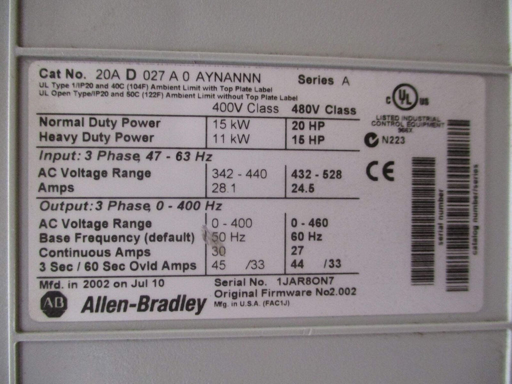 Allen-Bradley PowerFlex 70 AC Drive 20AD027A0AYNANNN 20HP 3Ph *No Keypad* Used Allen-Bradley PowerFlex 70 AC Drive Part #: 20AD027A0AYNANNN 20 HP 3Ph Input: 47-63 Hz AC Voltage Range: 432-528 24.5 A Output: 0-400 Hz AC Voltage Range: 0-460 Base Frequency (default): 60 Hz Continuous Amps: 27 3 Sec / 60 Sec Ovld Amps: 44 / 33 A *No Keypad* Used Loc: 50A2-10
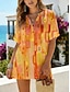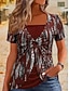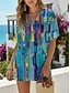 Mujer Camisa Camisa casual Camisa de playa Blusa Estampado Geométrico Bohemia Elegante Moderno Manga Corta Escote en Pico Tops regulares Diario Festivos Noche Azul Piscina Amarillo Vino Morado Verano
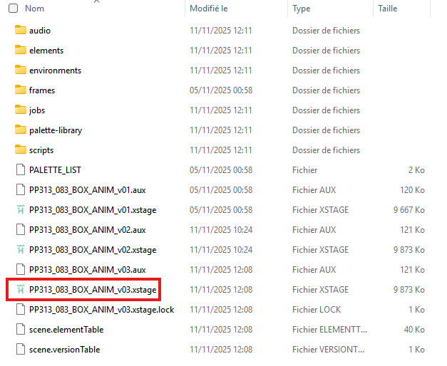 Exemple : Dans cette situation, uniquement la v03 sera exportée.
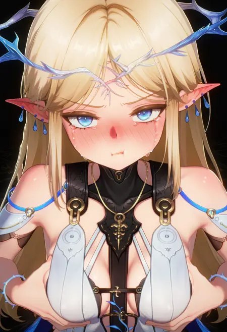 Cartethyia, blonde hair, long hair, horns, blue eyes, earrings, forehead mark, bracelet,Lower body
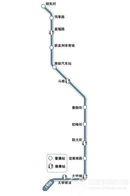 南段全程共设12个站点,包括晓东村站珥季路站星耀路站新亚洲体育城站南部汽车站斗南站春融街站驼峰街站联大街站谊康南路站大学城站大学城南站。
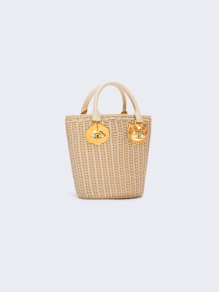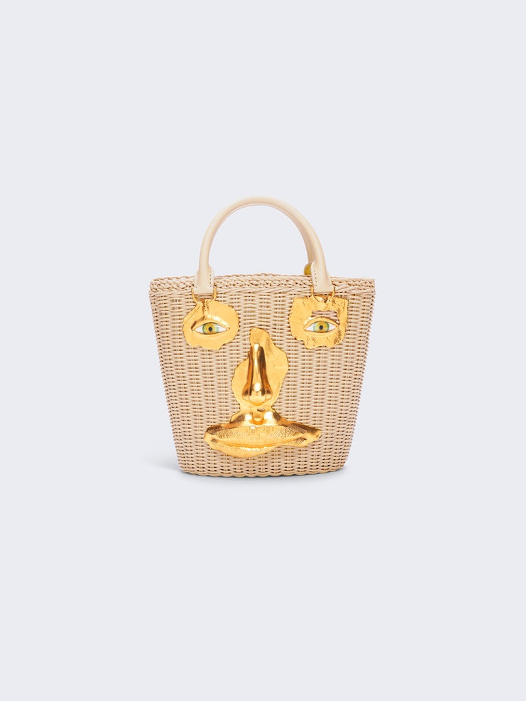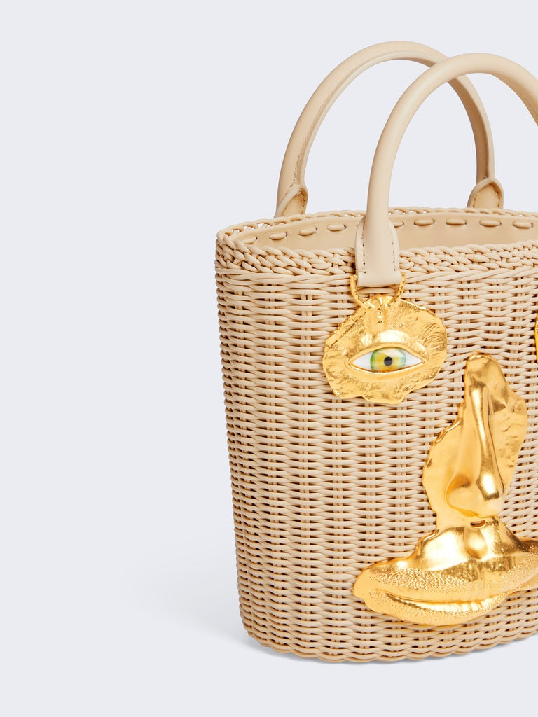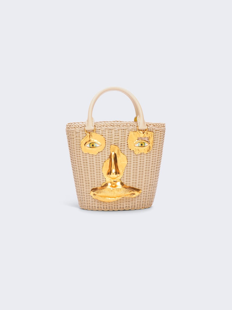 This Face bag is made from beige calfskin with a wicker effect created using leather cords. It is decorated with anatomical bijoux in gold-plated brass and enamel forming a melting face.
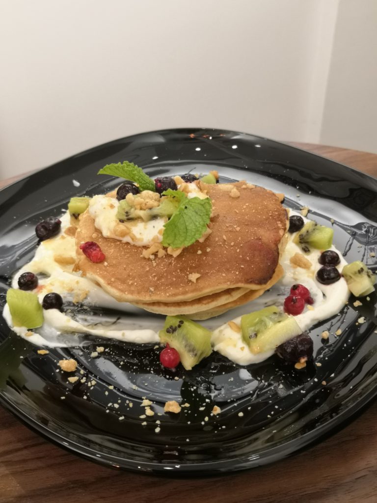 V kavárně nabízejí každý všední den sladké i slané snídaně. My jsme ochutnali espresso, cappuccino, matcha latté a sladké lívance s ovocem. Espresso byla skvěle připravená Etiopie, v cappuccinu jsme ochutnali kávu z Kostariky. Kavárna má vlastní pražírnu v Rumunsku, kávu tedy ochutnáte pouze zde.
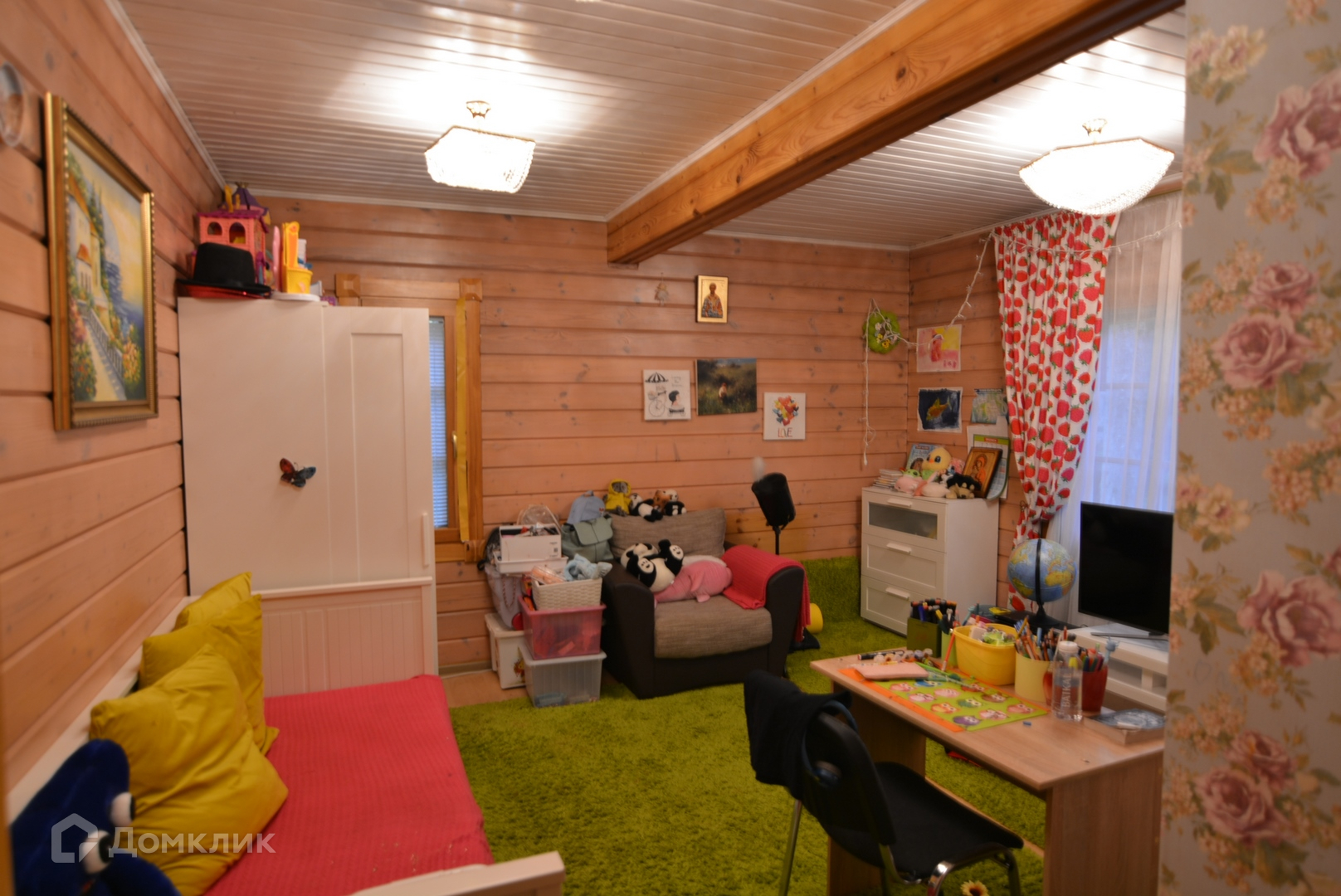 ID: 20234 Прекрасный дом из клеенного бруса на лесном участке в поселке дома отдыха Поречье. В доме грамотно распланированы 4 спальни, гостиная с камином и вторым светом, летнее патио, площадка-барбекю. Навес для машин и детская площадка. А также сарай для инвентаря и вольер для Хаски.
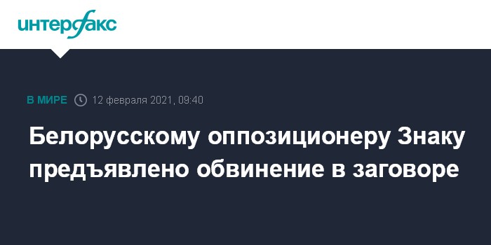 Москва. 12 февраля. INTERFAX.RU - В Белоруссии члену президиума Координационного совета оппозиции адвокату Максиму Знаку предъявлено обвинение в заговоре с целью захвата власти неконституционным путем (ч. 1 ст. 357 УК) и в создании экстремистского формирования (ч. 1 ст. 361-1 УК), написал в Telegram адвокат Знака Дмитрий Лаевский.
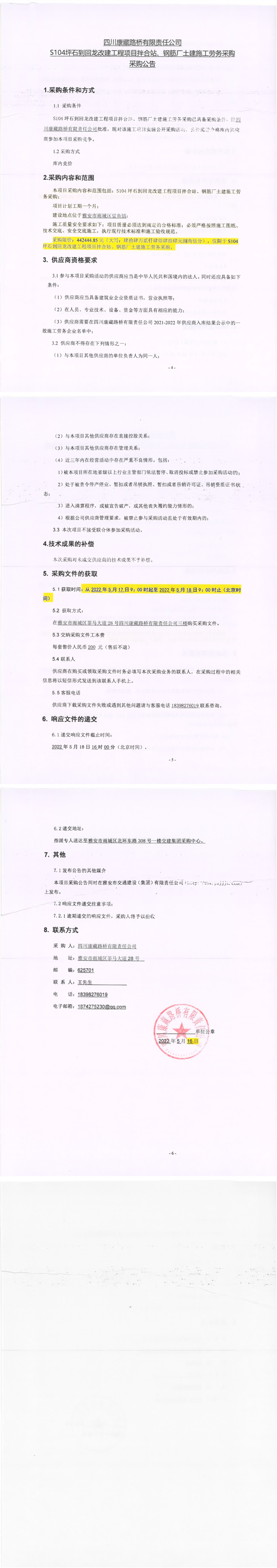 四川康藏路橋有限責任公司S104坪石到回龍改建工程項目拌合站、鋼筋廠土建施工勞務(wù)采購采購公告

==============================

ACTION ITEM - Please give the data above again in exact form and omit every picture.

RESULT OF THE TASK -
 Allen-Bradley PowerFlex 70 AC Drive 20AD027A0AYNANNN 20HP 3Ph *No Keypad* Used Allen-Bradley PowerFlex 70 AC Drive Part #: 20AD027A0AYNANNN 20 HP 3Ph Input: 47-63 Hz AC Voltage Range: 432-528 24.5 A Output: 0-400 Hz AC Voltage Range: 0-460 Base Frequency (default): 60 Hz Continuous Amps: 27 3 Sec / 60 Sec Ovld Amps: 44 / 33 A *No Keypad* Used Loc: 50A2-10
 Mujer Camisa Camisa casual Camisa de playa Blusa Estampado Geométrico Bohemia Elegante Moderno Manga Corta Escote en Pico Tops regulares Diario Festivos Noche Azul Piscina Amarillo Vino Morado Verano
 Exemple : Dans cette situation, uniquement la v03 sera exportée.
 Cartethyia, blonde hair, long hair, horns, blue eyes, earrings, forehead mark, bracelet,Lower body
 南段全程共设12个站点,包括晓东村站珥季路站星耀路站新亚洲体育城站南部汽车站斗南站春融街站驼峰街站联大街站谊康南路站大学城站大学城南站。
 This Face bag is made from beige calfskin with a wicker effect created using leather cords. It is decorated with anatomical bijoux in gold-plated brass and enamel forming a melting face.
 V kavárně nabízejí každý všední den sladké i slané snídaně. My jsme ochutnali espresso, cappuccino, matcha latté a sladké lívance s ovocem. Espresso byla skvěle připravená Etiopie, v cappuccinu jsme ochutnali kávu z Kostariky. Kavárna má vlastní pražírnu v Rumunsku, kávu tedy ochutnáte pouze zde.
 ID: 20234 Прекрасный дом из клеенного бруса на лесном участке в поселке дома отдыха Поречье. В доме грамотно распланированы 4 спальни, гостиная с камином и вторым светом, летнее патио, площадка-барбекю. Навес для машин и детская площадка. А также сарай для инвентаря и вольер для Хаски.
 Москва. 12 февраля. INTERFAX.RU - В Белоруссии члену президиума Координационного совета оппозиции адвокату Максиму Знаку предъявлено обвинение в заговоре с целью захвата власти неконституционным путем (ч. 1 ст. 357 УК) и в создании экстремистского формирования (ч. 1 ст. 361-1 УК), написал в Telegram адвокат Знака Дмитрий Лаевский.
 四川康藏路橋有限責任公司S104坪石到回龍改建工程項目拌合站、鋼筋廠土建施工勞務(wù)采購采購公告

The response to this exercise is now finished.